Berkaitan hak menguasai negara, diterjemahkan dengan hak pengelolaan. Dalam UU Pokok Agraria tidak terdapat ketentuan mengenai hak pengelolaan. Pada RUU Pertanahan, hal pengelolaan menciptakan penguasaan lahan dan jadi representasi dari prinsip domein verklaring.

“Khusus berkaitan dengan hak milik, RUU ini cenderung pada hak milik orang perseorangan, belum mengakomodasi hak milik bersama yang jadi aspirasi rakyat dan telah terakomodasi dalam Peraturan Presiden No 86 Tahun 2018 tentang Reforma Agraria.”

Kemudian berkaitan dengan hak guna usaha (HGU) prioritas kepada penguasaan skala besar tanpa mempertimbangkan aspek keadilan, pembatasan luas wilayah, kepadatan penduduk, serta daya dukung lingkungan.

“RUU ini, memberikan impunitas terhadap penguasaan tanah skala luas termasuk properti maupun perkebunan jika melanggar ketentuan luas lahan. RUU ini tidak pula mengatur keterbukaan informasi publik terhadap penguasaan HGU-HGU,” katanya, seraya menyatakan, terdapat pasal-pasal karet yang memberikan kewenangan besar kepada menteri mengatur jangka waktu tambahan dan batasan luas HGU.

 

Abdul Majid, di lahan yang ditumbuhi ratusan pohon mete. Lahan ini tidak mau dia lepaskan kepada perusahaan. Memberikan lahan kepada perusahaan sama dengan bertaruh nyawa. Foto: Kamarudin/ Mongabay Indonesia

 

Soal hak pakai, dalam Pasal 34, RUU Pertanahan, terkesan bias dan ambigu dengan ketentuan mengenai HGU. Dalam pasal ini, hak pakai dalam memberikan konsesi pada usaha perkebunan, peternakan, perikanan, dan pergaraman berdasar pada penggunaan tanah.

“Ketentuan ini nyata-nyata bias ketentuan mengenai HGU. Jika hak pakai dapat diberikan untuk konsesi perkebunan, peternakan, penggaraman, lantas untuk apa ada HGU?”

Pengaturan ini, katanya, juga berorientasi pada penguasaan asing. Hak pakai dapat diberikan kepada orang asing, hingga pasal ini akan jadi karpet merah konsesi asing menguasai sumber daya agraria dalam bentuk perkebunan, peternakan, penggaraman dan lain-lain.
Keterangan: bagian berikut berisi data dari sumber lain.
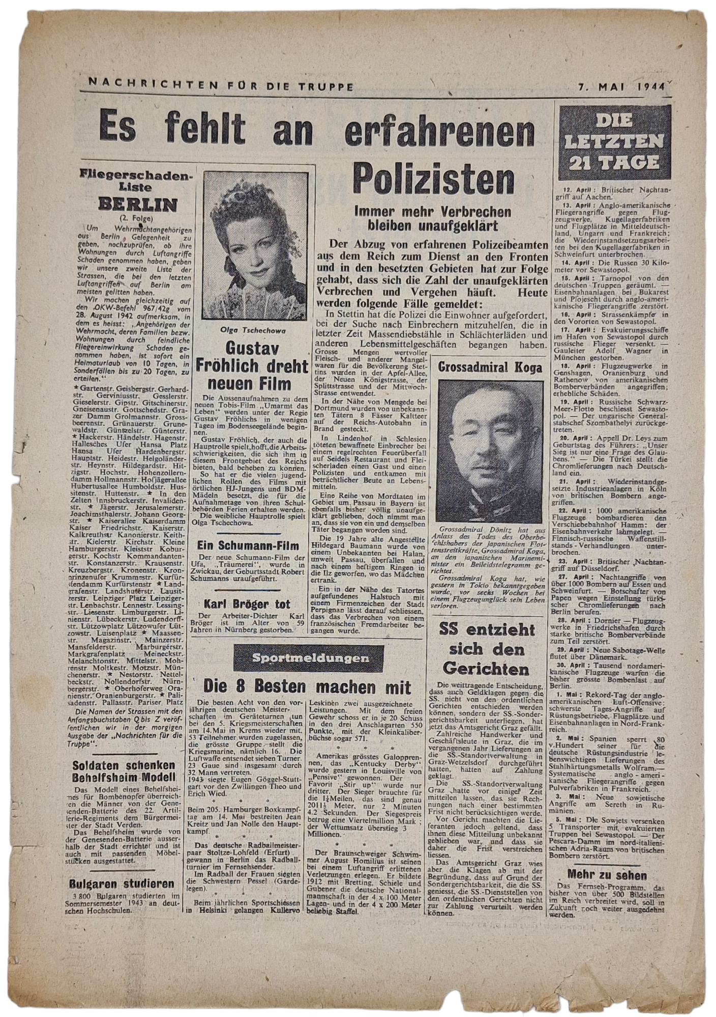 Original WW2 British Leaflet - Nachrichten für die Truppe Nr. 21, Danish Nazi Fritz Klausen removed (1944)

Mengenai Lembaga Pengelolaan Tanah, dalam Pasal 72 ayat (2), katanya, ketentuan ini ruang bagi spekulan yang dibiayai negara dan swasta serta terbuka bagi penanaman modal asing.

Ketentuan ini menunjukkan, tanah jadi komoditas di pasar global, konsepsi yang sangat bertentangan dengan UU Pokok Agraria dan UUD 1945.

Arif mengatakan, substansi isi RUU Pertanahan menyempitkan reforma agraria, sebatas penataan aset dan akses. Padahal, katanya, reforma agraria merupakan seluruh penataan ulang penguasaan lahan yang timpang, bukan sekadar penataan aset dan akses.

Ketentuan reforma agraria dalam Peraturan Presiden, jauh lebih maju daripada ketentuan reforma agraria dalam RUU ini. Ketentuan reforma agraria dalam RUU ini, juga tak membuat terobosan penyelesaian konflik HGU-HGU terutama perkebunan negara yang terlantar.

“Dalam RUU Pertanahan juga tak ada penyelesaian konflik melainkan hanya mediasi dan pengadilan. Padahal, sebagian besar konflik agraria merupakan konflik struktural yang memerlukan penyelesaian melalui kebijakan negara.”

“Setelah mendengar aspirasi masyarakat, mendalami kembali materi-materi dalam RUU Pertanahan serta memperhatikan dengan seksama kajian RUU ini, Fraksi PDI Perjuangan DPR menolak RUU ini lanjut dalam pembicaraan tingkat ll paripurna DPR RI. Fraksi PDI Perjuangan DPR meminta Komisi II DPR dan pemerintah mengkaji ulang, mendalami dan mendiskusikan kembali materi RUU Pertanahan.”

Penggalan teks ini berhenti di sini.